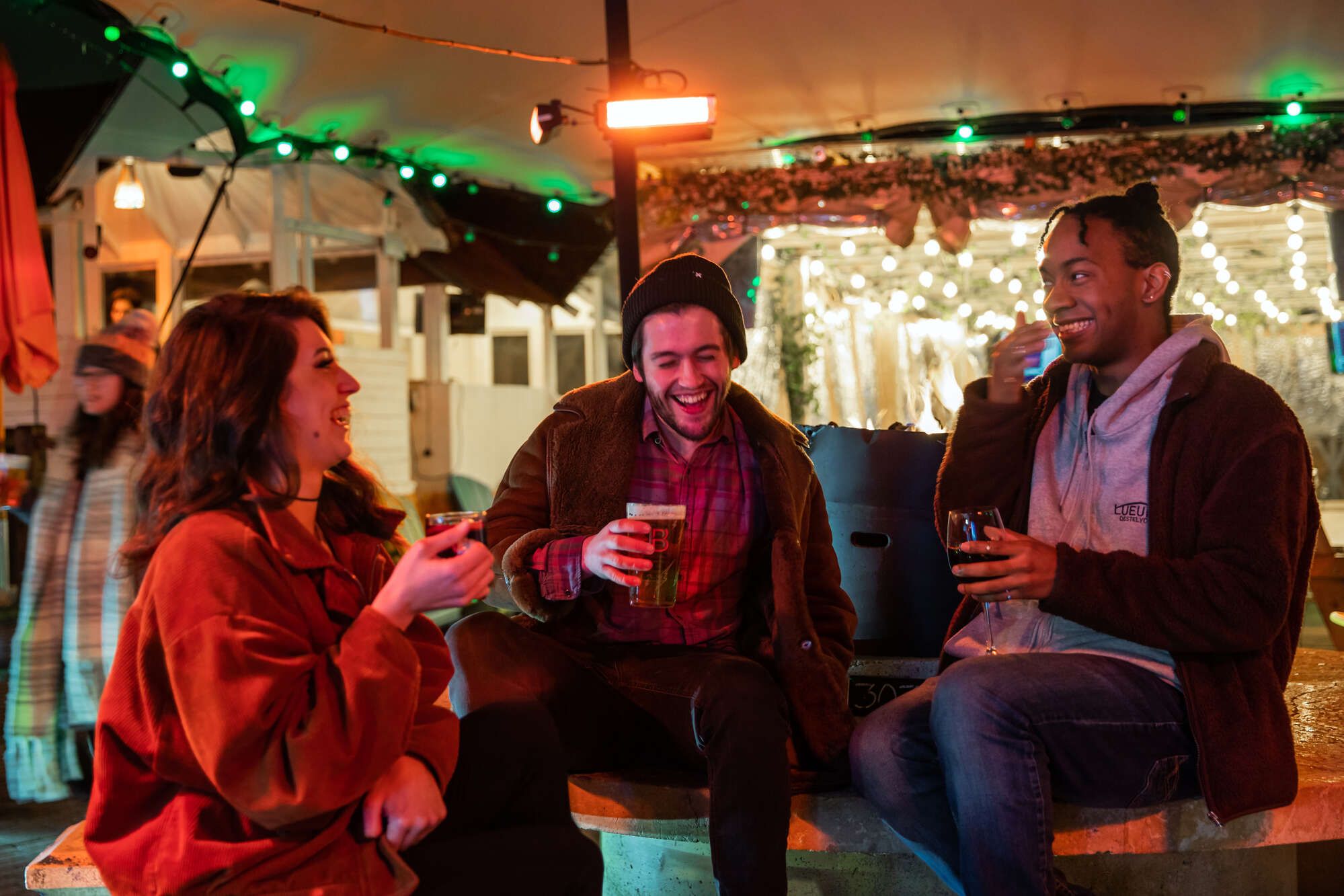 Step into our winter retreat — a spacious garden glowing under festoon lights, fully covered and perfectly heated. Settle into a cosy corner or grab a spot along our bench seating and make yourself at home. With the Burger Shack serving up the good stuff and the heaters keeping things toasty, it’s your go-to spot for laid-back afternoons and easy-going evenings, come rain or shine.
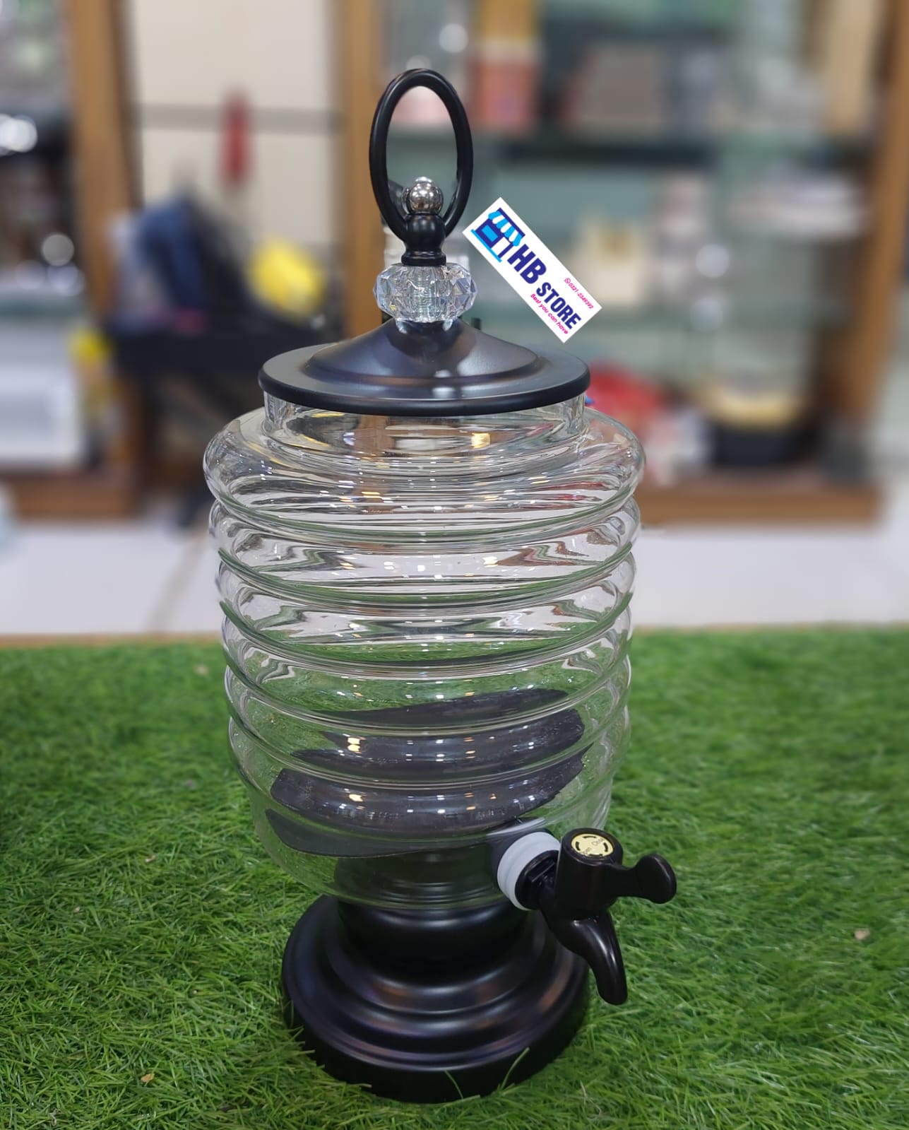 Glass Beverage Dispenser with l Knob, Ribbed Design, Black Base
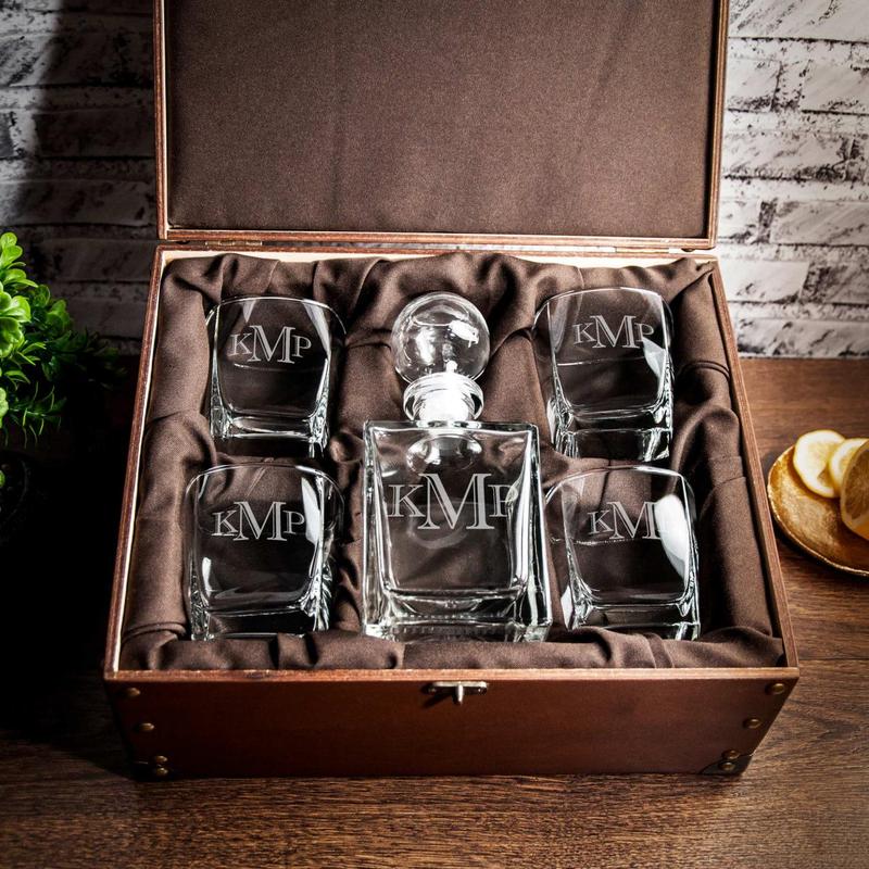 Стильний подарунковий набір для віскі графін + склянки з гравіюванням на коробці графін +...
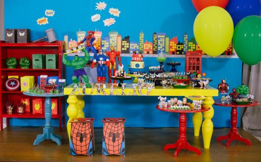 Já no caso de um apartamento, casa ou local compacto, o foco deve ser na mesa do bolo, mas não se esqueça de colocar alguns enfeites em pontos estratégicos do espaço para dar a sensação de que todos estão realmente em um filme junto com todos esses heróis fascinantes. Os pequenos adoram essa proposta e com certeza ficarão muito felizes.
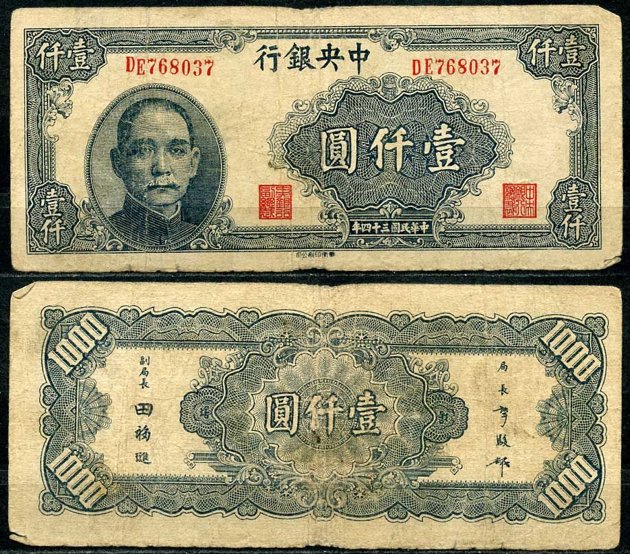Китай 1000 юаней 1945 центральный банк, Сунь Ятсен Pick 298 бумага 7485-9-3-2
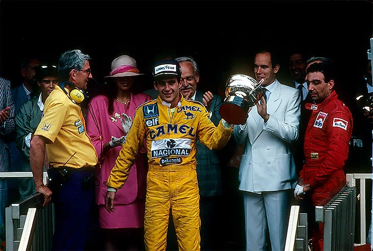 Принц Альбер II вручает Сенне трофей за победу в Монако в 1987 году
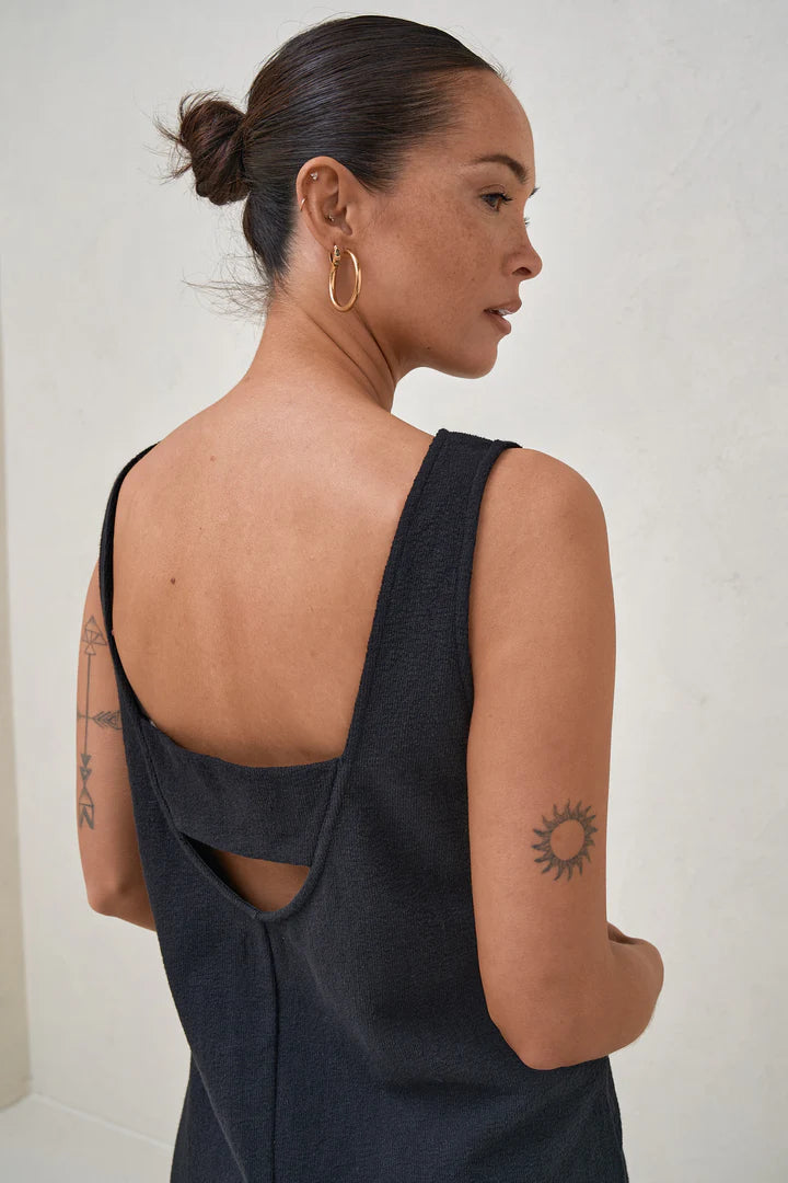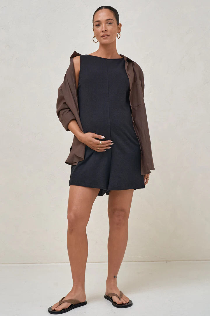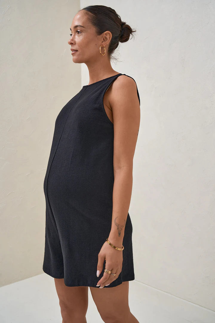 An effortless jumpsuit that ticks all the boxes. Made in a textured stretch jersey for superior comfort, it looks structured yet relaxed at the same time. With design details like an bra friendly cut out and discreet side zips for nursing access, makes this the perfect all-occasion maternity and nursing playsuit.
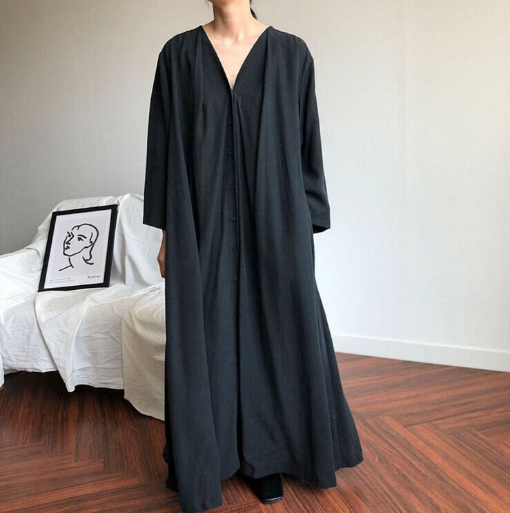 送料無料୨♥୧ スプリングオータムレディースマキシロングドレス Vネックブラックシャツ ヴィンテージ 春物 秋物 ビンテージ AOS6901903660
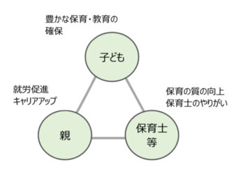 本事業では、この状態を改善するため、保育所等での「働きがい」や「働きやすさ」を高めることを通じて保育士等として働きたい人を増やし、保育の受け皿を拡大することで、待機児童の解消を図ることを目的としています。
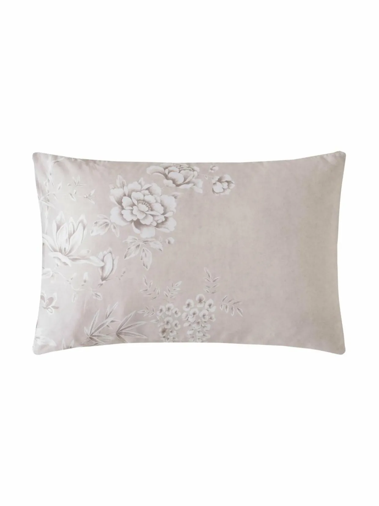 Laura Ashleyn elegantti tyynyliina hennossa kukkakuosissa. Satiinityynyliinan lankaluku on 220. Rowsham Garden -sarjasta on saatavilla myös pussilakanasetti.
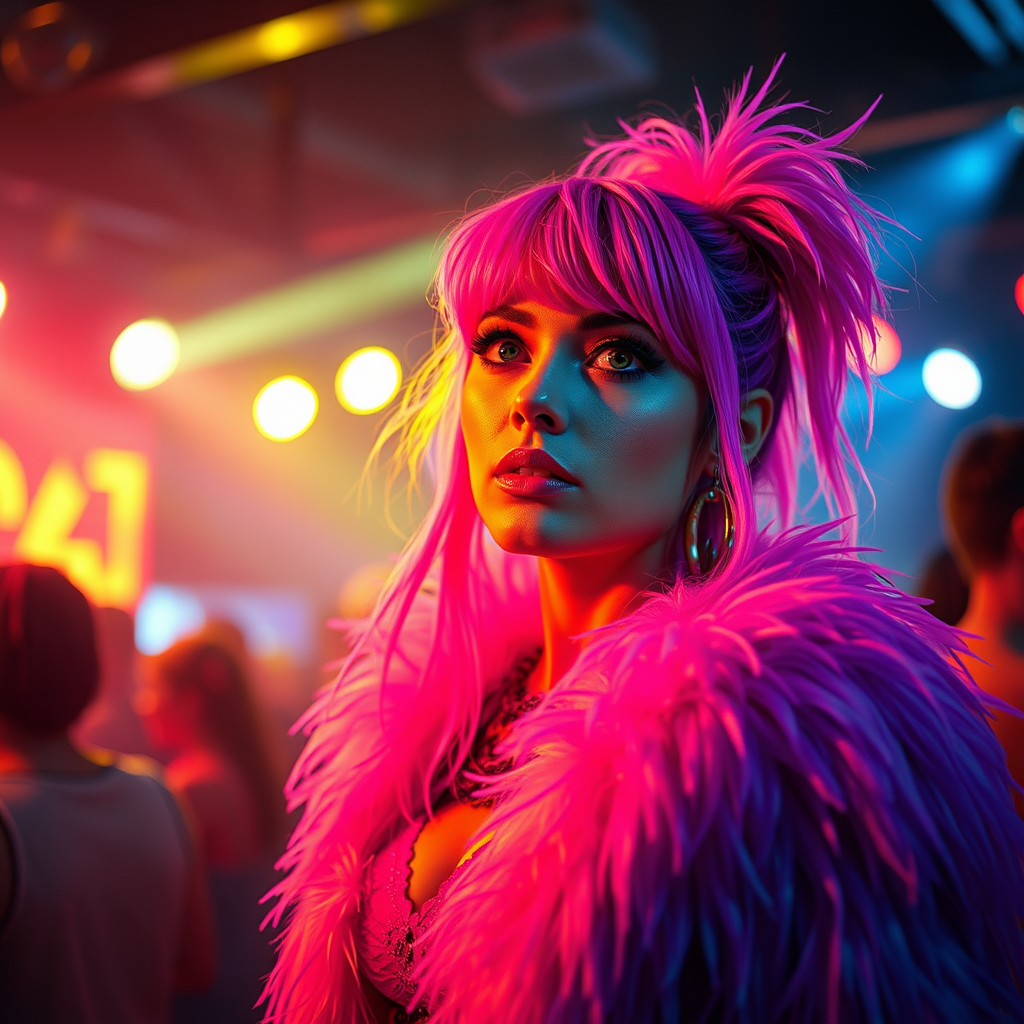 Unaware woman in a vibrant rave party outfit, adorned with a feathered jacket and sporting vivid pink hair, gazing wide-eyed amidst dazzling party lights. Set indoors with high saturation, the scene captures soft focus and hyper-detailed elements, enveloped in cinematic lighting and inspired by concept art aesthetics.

* * * * *

Problem details. Exactly the lines above from the one that contains "An effortless jumpsuit" down to the one that contains "本事業では、この状態を改善す" are to be output, both ends kept and pictures omitted.

Answer.
 An effortless jumpsuit that ticks all the boxes. Made in a textured stretch jersey for superior comfort, it looks structured yet relaxed at the same time. With design details like an bra friendly cut out and discreet side zips for nursing access, makes this the perfect all-occasion maternity and nursing playsuit.
 送料無料୨♥୧ スプリングオータムレディースマキシロングドレス Vネックブラックシャツ ヴィンテージ 春物 秋物 ビンテージ AOS6901903660
 本事業では、この状態を改善するため、保育所等での「働きがい」や「働きやすさ」を高めることを通じて保育士等として働きたい人を増やし、保育の受け皿を拡大することで、待機児童の解消を図ることを目的としています。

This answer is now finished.